The COP27 agreement was seen as a disappointment by activists: despite some concessions regarding loss and damage, governments once again failed to take responsibility for reducing emissions.
However, a coalition of more than 170 environmental organisations was successful in getting a formal right to a clean, healthy and sustainable environment written into the agreement.
This shift to a rights-based discourse on the climate crisis is set to become ever more significant in 2023, with at least three major climate cases being brought to the European Court of Human Rights (ECHR).
Senior Women for Climate Protection Switzerland recently told the Grand Chamber of the ECHR they are particularly vulnerable to the climate crisis because heatwaves, which are becoming more frequent and intense, put their health and lives at risk. The Grand Chamber is reserved for the most serious human rights cases. Strikingly, it will be hearing all three of the major climate cases this year.
Damien Careme, a former mayor in France and now a Green MEP, is bringing the second case. Careme, who lives on the French coast near Calais, argues global heating is a threat to his life and health, as his home is at risk of becoming completely submerged due to flooding by 2030. His lawyer Corinne Lepage said: “If the European court recognises that climate failings violate the rights of individuals to life and a normal family life, then that becomes precedent in all of the council member states and potentially in the whole world.”
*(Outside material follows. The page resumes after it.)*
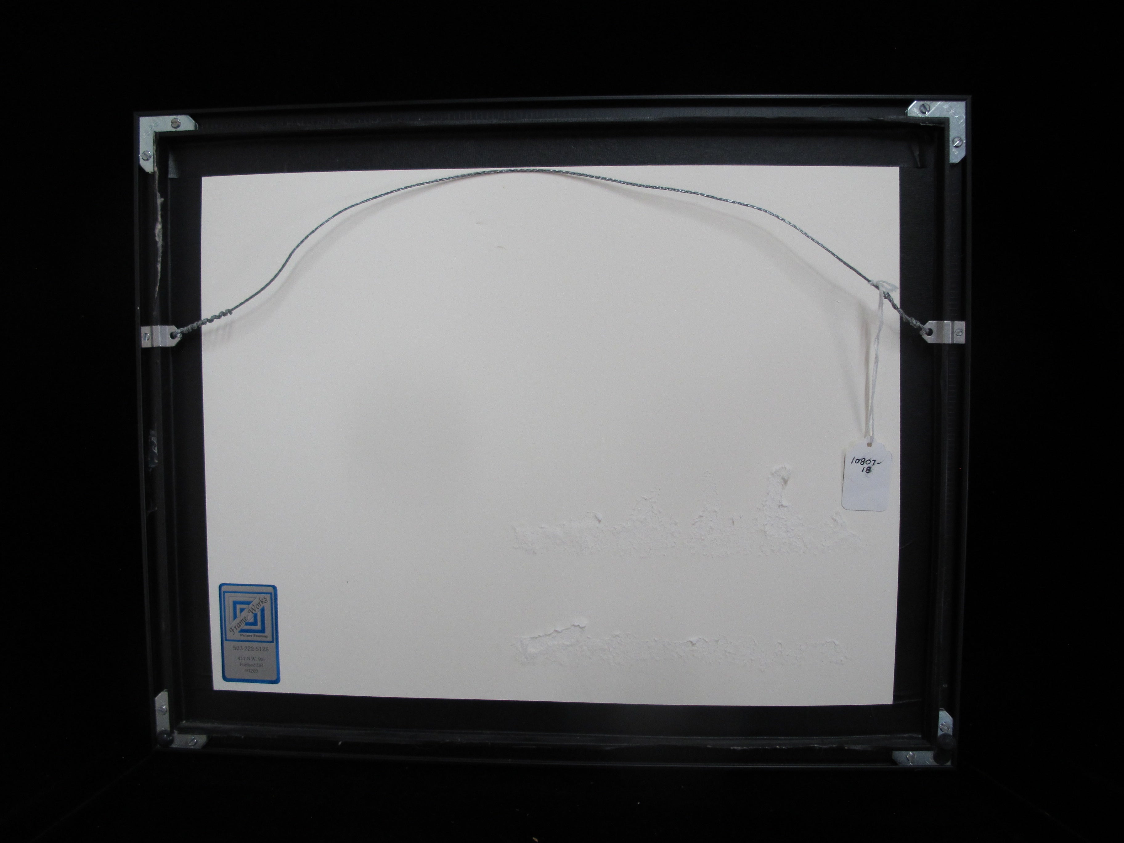 Simple thin black frame measures 19 1/2" x 15 1/2", image measures 14 1/4" x 10".
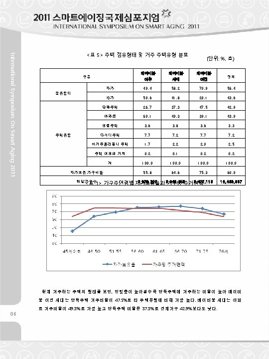 <Table 5> Type of Occupation & Type of Living in Houses (Unit : %, No. ) Baby Boom Before Baby Boom Generation Boom Self- owned 49. 4 58. 2 70. 9 56. 4 Rent 50. 6 41. 8 29. 1 43. 6 Detached House 26. 7 37. 3 47. 5 42. 9 Apartment 60. 1 49. 3 39. 1 43. 9 Row House 3. 6 3. 8 3. 6 3. 3 Multiplex House 7. 7 7. 2 1. 7 2. 2 2. 0 2. 5 0. 2 0. 1 0. 2 100. 0 Ratio of Self-owned Houses 55. 8 64. 6 75. 3 60. 9 Number of Houses 3, 670, 202 3, 346, 358 2, 427, 113 16, 439, 967 Tenure Type House Type Residing in Nonresidental Building Other Places than Houses Total International Symposium On Smart Aging 2011 After Baby Category <Figure 1> Self-owned rate and using area per household by the age of the householder Taking a look at the housing type, the ratio of living in detached house is higher in older age group. In case of the generation before the baby boom, the ratio of living in detached house is the highest as 47. 5% comparing with other type of houses. In case of the baby boom generation, the ratio of living in apartment is the highest as 49. 3%. The ratio of living in detached house is 37. 3%, which is lower than 42. 9% of the entire household. 87

The third and perhaps the most high-profile case is Youth 4 Climate Justice, led by six young people in Portugal and the Global Legal Action Network. The six applicants are taking 33 states to the ECHR for their failure to reduce emissions. The 33 countries include all of the EU member states, plus Norway, Russia, Switzerland, Turkey, Ukraine and the United Kingdom. The applicants contend the failure of these states to curb emissions threatens their right to life, their right to respect for their private and family lives, and their right not to be discriminated against.
Gerry Liston, a senior lawyer at GLAN supporting the applicants, said: “The significance of this case, which the European court fast-tracked on the basis of the importance and urgency of the issues raised, cannot be overstated.
In addition to presenting a threat to the life and physical health of young people, inaction on climate change also represents a specific threat to the mental health of children and young people. Not only in the sense of fear of climate impacts, but also a ‘moral injury’, or in other words a feeling that people in positions of responsibility have failed them, to the extent that it could become what psychologists call an ‘adverse childhood experience’, which can affect their mental health well into adulthood.”
23-year-old Portuguese applicant Claudia Duarte Agostinho said: “We know how urgent the situation is because even since we began this case, we’ve seen the impacts of climate change get much worse, especially from extreme heat. The judges in Strasbourg have the power to order European governments to do what is necessary to protect us. I’m very hopeful that we are now close to seeing this happen.”
The case will be heard by the Grand Chamber on 27 September 2023.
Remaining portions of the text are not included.